Bakr joined a clique at the engineering school that seemed oblivious to all this. “We never talked about race or the war,” recalled Joaquin Avino, a Cuban American classmate. “The only thing we talked about was graduating, getting a job, becoming an engineer, and making some money.” Many of the civil engineering students were second-generation Cuban exiles; they belonged to “a relatively conservative culture within the university,” said John Hall, another classmate. Most commuted to school from their parents’ homes. Hall’s father was a city fireman; Avino worked part-time as a baggage handler at the airport. Bakr fit right in—quiet, serious, pleasant, a bookworm, with no interest in rambunctious student life. He was particularly friendly with the Cubans, and he partnered with them on lab projects that involved analyzing soil composition and calculating stability and stress in building structures. At exam time, his results were solid but average. He stood out among the twenty to thirty students in the civil engineering course only because he wore silk shirts and drove a Cadillac Seville.5
He lived off campus in a suburban rambler with a small swimming pool in the Kendall/Pinecrest neighborhood, just south of Coral Gables. His neighbors included an elementary school and a “Youth For Christ” facility. Family joined him eventually. His half-brother Omar also enrolled in the University of Miami’s engineering school, class of 1974, and rented an apartment a half mile from Bakr’s house. At one point, Bakr returned home to marry, and he brought his new wife to Miami.

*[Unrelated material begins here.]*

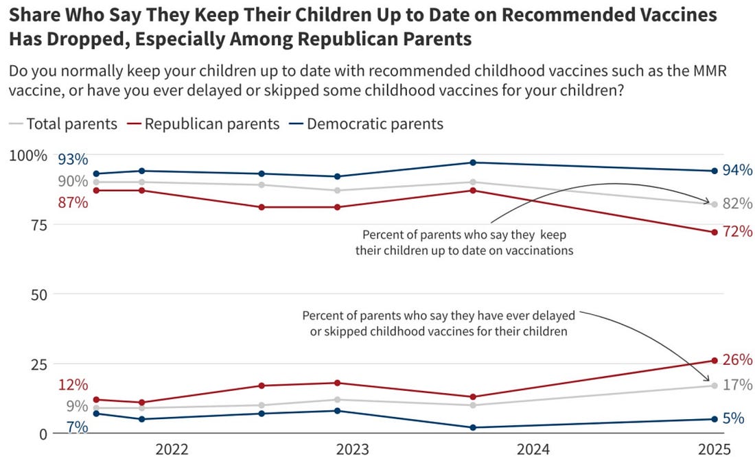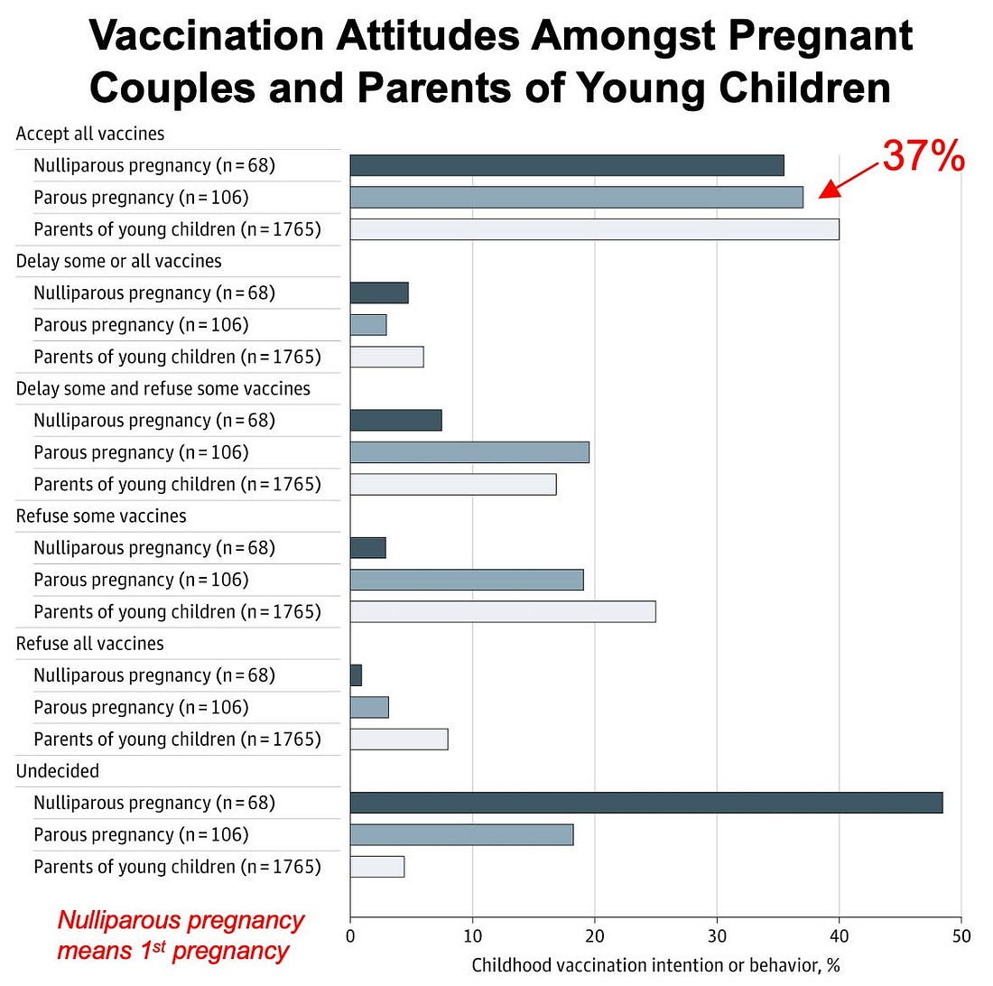 As COVID had been such a severe overreach, I had hoped that the COVID cartel’s greed would awaken people to the issues with vaccination and prompt significant skepticism against the existing pediatric vaccines. However, I did not expect such a large shift to occur so quickly. To briefly put this in context: First, while there has been an overall loss of trust in vaccination (which I consider to be absolutely profound), the drop in confidence is much greater among the youngest generation, who are actually making the decisions to vaccinate their children. Consider for example, the results of this January survey, where far more than 37% of all Americans fully trusted and intended to follow the CDC schedule. Second, a total of 37% of American parents fully trust the schedule, which represents a massive drop compared to the historical baseline. Specifically: •In 2000, 19% of parents had “concerns about vaccines” The key context to understand about these figures is that they were alarming to the medical field, as their baseline had been to expect almost all parents would vaccinate without complaining and if someone dared to step out of line by doing something as simple as delaying vaccines (as more vaccines close together at a young age increases the likelihood of an injury) they were crucified by the medical field and often lost their licenses. As such, if you consider the figures they were alarmed by, and then compare them to the current reality, the difference is essentially “night and day.” Third, a major way vaccine compliance is enforced is through social pressure (e.g., “everyone else is doing it, so you must be crazy or a bad parent if you aren’t”) and mandates. Both of these are predicated on the majority of the population being vaccinated, which essentially is why the medical industry was so concerned about vaccine use dropping below 90%. As

She was Haifa Nabulsi, a beautiful Syrian blonde whom he had first met in Damascus when she was about sixteen; she came from an exiled Palestinian family originally from Nazareth. While Bakr completed his studies, Haifa gave birth to two sons, Nawaf and Firas; the Bin Ladens obtained American passports for each of the boys. Bakr would not permit his university classmates to socialize with his wife, and he made a lasting impression on one of them while describing his family when he mentioned that no man in Saudi Arabia bothered to count how many sisters he had. Still, apart from these cultural idiosyncrasies, with his big-finned car, his young boys, his house on a manicured corner lot, and his earnest sense of purpose, Bakr seemed to some of his classmates to be just like them—a young immigrant householder in pursuit of the American dream. As they got to know him better, however, they learned that he would be returning to his family’s business in Saudi Arabia after graduation. Bakr offered one Cuban American classmate, Jorge Rodriguez, a job in Jeddah at double the starting salary he could expect to earn in the United States, but Jorge’s wife announced, “By no means—I’m staying in America.” Bakr departed and they gradually lost touch with him.6
In Jeddah he and his family moved into one of the suburban villas at the Kilo 7 family compound. Carmen Bin Laden befriended Haifa and found her “open-minded and lively”; they tanned together beside Haifa’s swimming pool and “howled with laughter at how depraved the mothers-in-law would think us if they caught sight of our bathing suits.” Carmen found Bakr formal but kind, and unlike some Saudi men, he did not criticize or shun Haifa when she gave birth to a daughter. Bakr was religious but not insistent or strident. He prayed punctually when in Saudi Arabia, but when he traveled to France, he did not search for mosques or carry a prayer rug to business meetings. “He is the type of person who doesn’t like to attract the attention of others for things that are not necessary,” said a longtime business partner.7
At the office, Bakr tried to keep up with Salem’s demands and peripatetic deal making. Gradually other brothers returned to the kingdom with engineering degrees to ease some of his burden. Ghalib ran the construction equipment yard, helped to manage procurement from Caterpillar, and supervised projects in the field. Omar supervised complex building projects on his own.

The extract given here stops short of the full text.